Mexican serial killer

Francisco Guerrero Pérez (1840 – November 1910), known as El Chalequero and other nicknames, was a Mexican serial killer who killed 20 prostitutes in Mexico City from 1880 to 1888, and one final victim in 1908. Due to his modus operandi, Guerrero was considered an organized, missionary-type killer motivated by hatred, and was frequently compared to Jack the Ripper (whom he predated).

==Early life==
Francisco Guerrero Pérez was born in 1840 in the Bajío region of Mexico to an impoverished family. He was the eleventh child in the family, and his childhood was marked by poverty, his mother's frequent physical abuse (consisting of beating and suffocating him) and the absence of his father. In 1862, at the age of 22, he emigrated to Mexico City, where he began to work as a shoemaker. He settled in the Peralvillo neighborhood, where he married a woman named María and fathered four children with her, and according to his own claims, he was a devout Catholic who served the Virgin of Guadalupe and proudly told of being a sacristan as a young boy. Guerrero was also known for wearing extravagant yet elegant clothing, with cashmere pants, a charro vest and jacket and multi-colored sashes.
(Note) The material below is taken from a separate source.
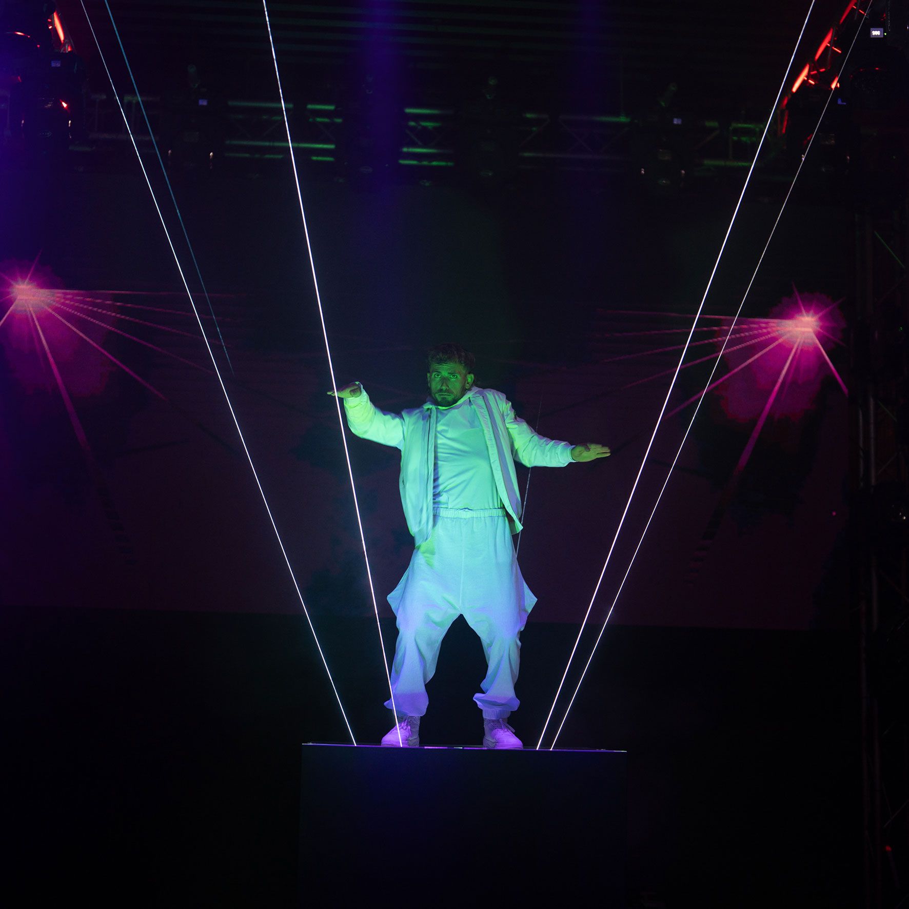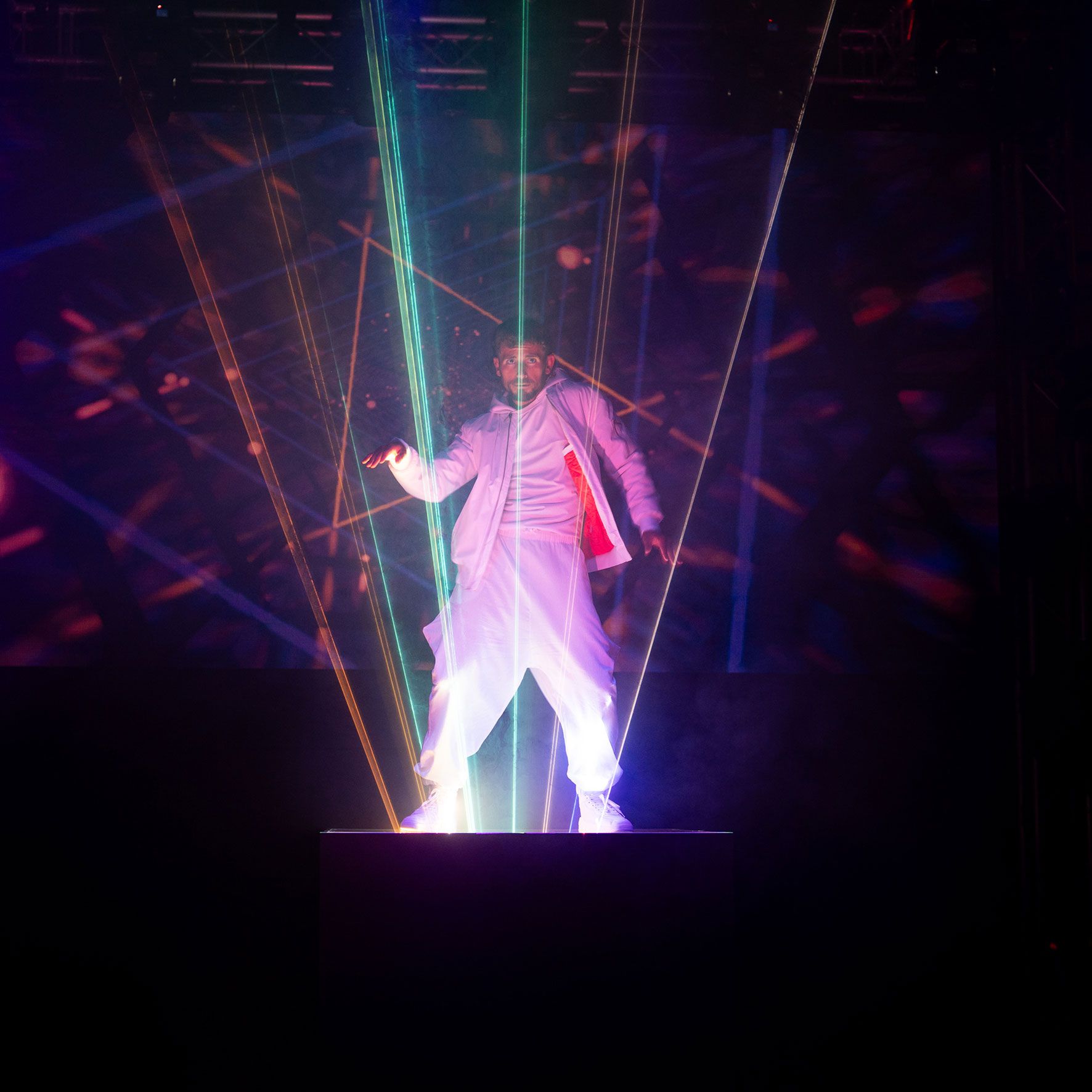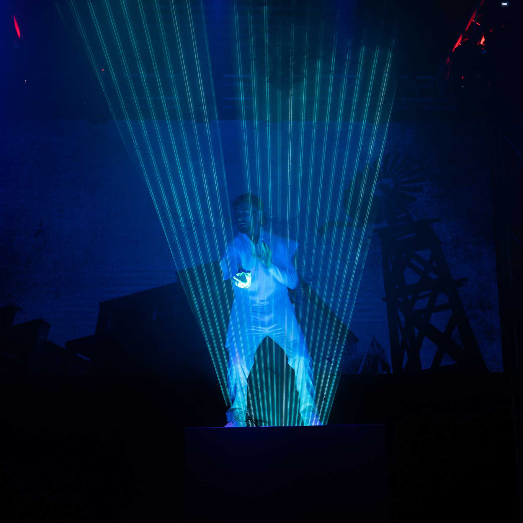 A dynamic solo dancer takes to the stage and manipulates laser beams as part of a dance performance to create a breathtaking visual spectacle

An anonymous source described him as "...handsome, elegant, gallant and quarrelsome."

Contrary to his claims of being a religious man, however, Guerrero made no attempts to hide his misogynistic beliefs and was known to have fathered numerous children from extra-marital affairs, leading to rumors that he might have been a pimp. Later on, he also began to openly boast about his murders, but as most of the people in the neighborhood feared him, none denounced him to the authorities.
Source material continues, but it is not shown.